§ GOAL OF THE EXERCISE
Your answer should be the lines below from the one with "Renkli elastik saç" to the one with "In addition you", both included, given again exactly and with nothing added.

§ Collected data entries
┌────────

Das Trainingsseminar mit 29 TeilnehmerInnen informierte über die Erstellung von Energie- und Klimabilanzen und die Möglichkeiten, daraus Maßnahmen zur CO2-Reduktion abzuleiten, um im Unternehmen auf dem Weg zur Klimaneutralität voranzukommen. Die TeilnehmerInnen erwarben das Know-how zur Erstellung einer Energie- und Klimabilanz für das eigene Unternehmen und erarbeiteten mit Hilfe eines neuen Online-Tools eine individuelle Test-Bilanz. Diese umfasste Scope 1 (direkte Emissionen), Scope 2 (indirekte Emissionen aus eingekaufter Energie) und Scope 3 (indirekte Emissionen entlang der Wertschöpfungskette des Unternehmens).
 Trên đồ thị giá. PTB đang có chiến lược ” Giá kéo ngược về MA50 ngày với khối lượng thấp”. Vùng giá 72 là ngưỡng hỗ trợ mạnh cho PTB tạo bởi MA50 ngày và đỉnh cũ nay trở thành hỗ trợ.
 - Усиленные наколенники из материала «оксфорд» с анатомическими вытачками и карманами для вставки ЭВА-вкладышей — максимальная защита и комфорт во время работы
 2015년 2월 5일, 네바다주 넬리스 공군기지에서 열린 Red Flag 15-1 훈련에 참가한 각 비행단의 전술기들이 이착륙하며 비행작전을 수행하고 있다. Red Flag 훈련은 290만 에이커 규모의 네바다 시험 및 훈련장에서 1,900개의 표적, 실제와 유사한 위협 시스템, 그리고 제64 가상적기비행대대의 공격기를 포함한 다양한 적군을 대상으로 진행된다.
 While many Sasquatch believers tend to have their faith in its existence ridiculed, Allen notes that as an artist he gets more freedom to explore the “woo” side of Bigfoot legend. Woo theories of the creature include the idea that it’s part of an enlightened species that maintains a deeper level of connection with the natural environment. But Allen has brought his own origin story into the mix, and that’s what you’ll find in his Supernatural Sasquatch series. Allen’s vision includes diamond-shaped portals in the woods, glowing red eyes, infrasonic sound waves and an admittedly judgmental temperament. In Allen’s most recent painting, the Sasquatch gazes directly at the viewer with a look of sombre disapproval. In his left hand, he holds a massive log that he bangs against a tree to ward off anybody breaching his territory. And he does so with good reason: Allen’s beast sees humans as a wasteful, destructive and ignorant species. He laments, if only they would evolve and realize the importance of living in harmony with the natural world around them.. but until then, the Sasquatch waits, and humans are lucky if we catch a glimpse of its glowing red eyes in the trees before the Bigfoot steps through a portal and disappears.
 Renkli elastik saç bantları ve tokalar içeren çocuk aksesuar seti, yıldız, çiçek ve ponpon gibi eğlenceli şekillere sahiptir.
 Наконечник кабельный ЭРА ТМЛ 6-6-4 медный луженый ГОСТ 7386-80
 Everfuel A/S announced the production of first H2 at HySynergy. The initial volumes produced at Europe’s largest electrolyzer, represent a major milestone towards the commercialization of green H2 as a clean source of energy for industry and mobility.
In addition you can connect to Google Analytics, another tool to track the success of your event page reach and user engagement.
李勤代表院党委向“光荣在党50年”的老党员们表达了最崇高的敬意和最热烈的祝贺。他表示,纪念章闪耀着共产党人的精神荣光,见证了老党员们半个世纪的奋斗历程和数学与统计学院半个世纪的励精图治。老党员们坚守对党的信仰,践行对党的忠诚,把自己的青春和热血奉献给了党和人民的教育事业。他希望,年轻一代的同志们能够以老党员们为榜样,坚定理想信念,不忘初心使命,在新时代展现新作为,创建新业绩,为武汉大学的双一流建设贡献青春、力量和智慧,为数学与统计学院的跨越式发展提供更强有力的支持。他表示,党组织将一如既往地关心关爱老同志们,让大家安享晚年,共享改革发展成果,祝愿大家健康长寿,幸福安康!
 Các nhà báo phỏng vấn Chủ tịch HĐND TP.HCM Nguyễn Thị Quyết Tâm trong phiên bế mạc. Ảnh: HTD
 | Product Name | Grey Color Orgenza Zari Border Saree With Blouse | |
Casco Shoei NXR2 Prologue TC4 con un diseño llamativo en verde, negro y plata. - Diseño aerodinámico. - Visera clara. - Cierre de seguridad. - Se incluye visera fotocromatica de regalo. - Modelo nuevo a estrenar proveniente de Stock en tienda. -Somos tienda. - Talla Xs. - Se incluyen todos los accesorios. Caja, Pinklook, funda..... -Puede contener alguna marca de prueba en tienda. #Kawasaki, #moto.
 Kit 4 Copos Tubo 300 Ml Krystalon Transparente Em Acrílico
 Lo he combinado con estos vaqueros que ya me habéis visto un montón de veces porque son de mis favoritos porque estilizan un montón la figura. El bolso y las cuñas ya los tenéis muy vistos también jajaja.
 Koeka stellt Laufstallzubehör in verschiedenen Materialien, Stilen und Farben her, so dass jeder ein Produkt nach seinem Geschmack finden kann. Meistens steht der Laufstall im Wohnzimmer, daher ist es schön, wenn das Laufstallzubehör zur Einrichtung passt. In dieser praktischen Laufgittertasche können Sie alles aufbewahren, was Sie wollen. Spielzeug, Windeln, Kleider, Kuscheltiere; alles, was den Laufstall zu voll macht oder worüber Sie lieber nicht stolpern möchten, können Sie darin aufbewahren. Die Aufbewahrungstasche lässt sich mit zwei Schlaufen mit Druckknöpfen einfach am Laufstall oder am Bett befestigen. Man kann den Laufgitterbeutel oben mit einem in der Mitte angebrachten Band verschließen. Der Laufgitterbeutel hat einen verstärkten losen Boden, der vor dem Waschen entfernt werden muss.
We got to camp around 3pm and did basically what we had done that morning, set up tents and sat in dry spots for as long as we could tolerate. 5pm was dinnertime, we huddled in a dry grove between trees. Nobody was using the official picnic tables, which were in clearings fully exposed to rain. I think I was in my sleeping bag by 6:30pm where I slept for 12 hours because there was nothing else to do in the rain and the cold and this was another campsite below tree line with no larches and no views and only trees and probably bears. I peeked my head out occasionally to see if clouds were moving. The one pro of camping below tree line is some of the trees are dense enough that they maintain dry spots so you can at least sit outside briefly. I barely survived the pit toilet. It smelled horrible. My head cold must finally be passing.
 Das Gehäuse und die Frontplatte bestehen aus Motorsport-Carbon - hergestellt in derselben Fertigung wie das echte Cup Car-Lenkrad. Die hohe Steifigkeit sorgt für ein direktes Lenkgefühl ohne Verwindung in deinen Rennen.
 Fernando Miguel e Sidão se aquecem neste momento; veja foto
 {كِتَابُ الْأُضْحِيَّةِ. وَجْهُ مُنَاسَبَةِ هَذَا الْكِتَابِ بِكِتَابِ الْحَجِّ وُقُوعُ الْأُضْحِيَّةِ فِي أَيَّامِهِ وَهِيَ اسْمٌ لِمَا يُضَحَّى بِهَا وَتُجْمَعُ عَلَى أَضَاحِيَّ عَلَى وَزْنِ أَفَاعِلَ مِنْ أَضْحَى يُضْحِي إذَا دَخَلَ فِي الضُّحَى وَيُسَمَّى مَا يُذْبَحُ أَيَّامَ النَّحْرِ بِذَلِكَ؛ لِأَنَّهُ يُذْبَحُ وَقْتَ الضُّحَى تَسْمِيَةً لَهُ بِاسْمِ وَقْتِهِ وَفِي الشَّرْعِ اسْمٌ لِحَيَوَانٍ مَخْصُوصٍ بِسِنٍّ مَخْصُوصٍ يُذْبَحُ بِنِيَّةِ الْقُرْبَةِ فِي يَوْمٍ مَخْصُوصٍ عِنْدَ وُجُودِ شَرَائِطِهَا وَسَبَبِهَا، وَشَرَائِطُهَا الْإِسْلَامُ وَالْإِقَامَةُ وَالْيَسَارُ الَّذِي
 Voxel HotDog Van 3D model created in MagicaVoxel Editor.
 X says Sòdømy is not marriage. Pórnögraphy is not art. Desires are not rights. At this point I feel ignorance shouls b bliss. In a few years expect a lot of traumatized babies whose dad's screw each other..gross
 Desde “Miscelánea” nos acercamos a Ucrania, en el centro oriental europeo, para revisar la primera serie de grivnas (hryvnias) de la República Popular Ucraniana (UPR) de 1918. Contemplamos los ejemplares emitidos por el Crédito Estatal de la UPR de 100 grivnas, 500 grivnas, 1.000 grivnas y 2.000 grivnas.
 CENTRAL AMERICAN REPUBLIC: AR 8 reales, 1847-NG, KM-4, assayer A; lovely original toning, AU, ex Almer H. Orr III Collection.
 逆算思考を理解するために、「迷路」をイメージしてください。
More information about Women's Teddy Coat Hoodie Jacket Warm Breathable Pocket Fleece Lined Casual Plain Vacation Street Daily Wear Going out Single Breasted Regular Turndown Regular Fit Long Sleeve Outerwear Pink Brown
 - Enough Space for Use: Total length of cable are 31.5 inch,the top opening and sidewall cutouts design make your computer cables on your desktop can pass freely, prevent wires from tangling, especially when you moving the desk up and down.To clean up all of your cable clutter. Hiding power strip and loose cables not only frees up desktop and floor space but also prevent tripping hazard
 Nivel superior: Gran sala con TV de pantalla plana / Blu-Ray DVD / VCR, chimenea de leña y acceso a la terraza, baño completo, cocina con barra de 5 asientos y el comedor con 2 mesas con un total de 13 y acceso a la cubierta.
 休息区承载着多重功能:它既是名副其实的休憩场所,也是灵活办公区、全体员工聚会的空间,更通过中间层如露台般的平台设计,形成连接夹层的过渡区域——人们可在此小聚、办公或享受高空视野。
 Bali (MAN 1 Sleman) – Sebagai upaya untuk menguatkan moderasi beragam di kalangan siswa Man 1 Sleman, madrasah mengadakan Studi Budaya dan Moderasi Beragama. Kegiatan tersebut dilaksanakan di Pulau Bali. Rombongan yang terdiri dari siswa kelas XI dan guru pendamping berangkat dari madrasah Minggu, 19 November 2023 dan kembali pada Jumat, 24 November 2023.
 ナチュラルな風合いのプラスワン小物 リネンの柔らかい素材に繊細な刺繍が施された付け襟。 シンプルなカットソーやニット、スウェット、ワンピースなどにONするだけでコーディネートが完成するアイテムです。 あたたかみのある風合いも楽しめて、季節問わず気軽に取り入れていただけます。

└────────

§ SOLUTION
 Renkli elastik saç bantları ve tokalar içeren çocuk aksesuar seti, yıldız, çiçek ve ponpon gibi eğlenceli şekillere sahiptir.
 Наконечник кабельный ЭРА ТМЛ 6-6-4 медный луженый ГОСТ 7386-80
 Everfuel A/S announced the production of first H2 at HySynergy. The initial volumes produced at Europe’s largest electrolyzer, represent a major milestone towards the commercialization of green H2 as a clean source of energy for industry and mobility.
In addition you can connect to Google Analytics, another tool to track the success of your event page reach and user engagement.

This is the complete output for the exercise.